The reliability of LLM judges in evaluations refers to how consistently and accurately large language models assess tasks or responses. Calibration measures how closely the model’s confidence matches actual correctness, while agreement evaluates how often different LLMs or human evaluators reach the same conclusions. High calibration and agreement indicate trustworthy, reproducible judgments, making LLMs valuable tools for evaluating AI outputs, benchmarking models, and automating assessment processes in research and industry.
The reliability of LLM judges in evaluations refers to how consistently and accurately large language models assess tasks or responses. Calibration measures how closely the model’s confidence matches actual correctness, while agreement evaluates how often different LLMs or human evaluators reach the same conclusions. High calibration and agreement indicate trustworthy, reproducible judgments, making LLMs valuable tools for evaluating AI outputs, benchmarking models, and automating assessment processes in research and industry.
What is an LLM judge?
An LLM judge is a language model used to evaluate or score answers, outputs, or behaviors in a task, typically by prompting the model to rate quality, correctness, or alignment with criteria.
What does calibration mean in the context of LLM judges?

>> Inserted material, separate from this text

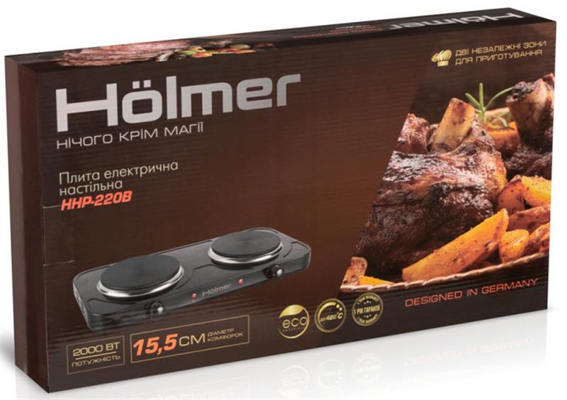 Потужна, компактна і зручна - це настільна електроплита Holmer HHP-220B. Дана модель виконана в класичному білому кольорі, з двома чавунними конфорками. Має функцію захисту від перегріву, механічний регулятор температури (5 режимів) і загальну споживану потужність 2000 Вт. Плита HHP-220B - відмінний варіант для невеликого кухонного простору.

Calibration refers to how well the model's scored probabilities reflect real outcomes. A well-calibrated judge’s 0.7 score should correspond to about 70% of such cases being correct.
What is agreement when evaluating LLM judgments?
Agreement measures how consistently different judges rate the same item. High agreement means judges give similar scores; low agreement indicates subjectivity or ambiguity.
How is the reliability of LLM judges assessed?
Reliability is evaluated with metrics like inter-judge agreement (e.g., Cohen's or Fleiss' kappa), calibration measures, and correlations with gold standards, plus analyses of prompts and settings that affect scores.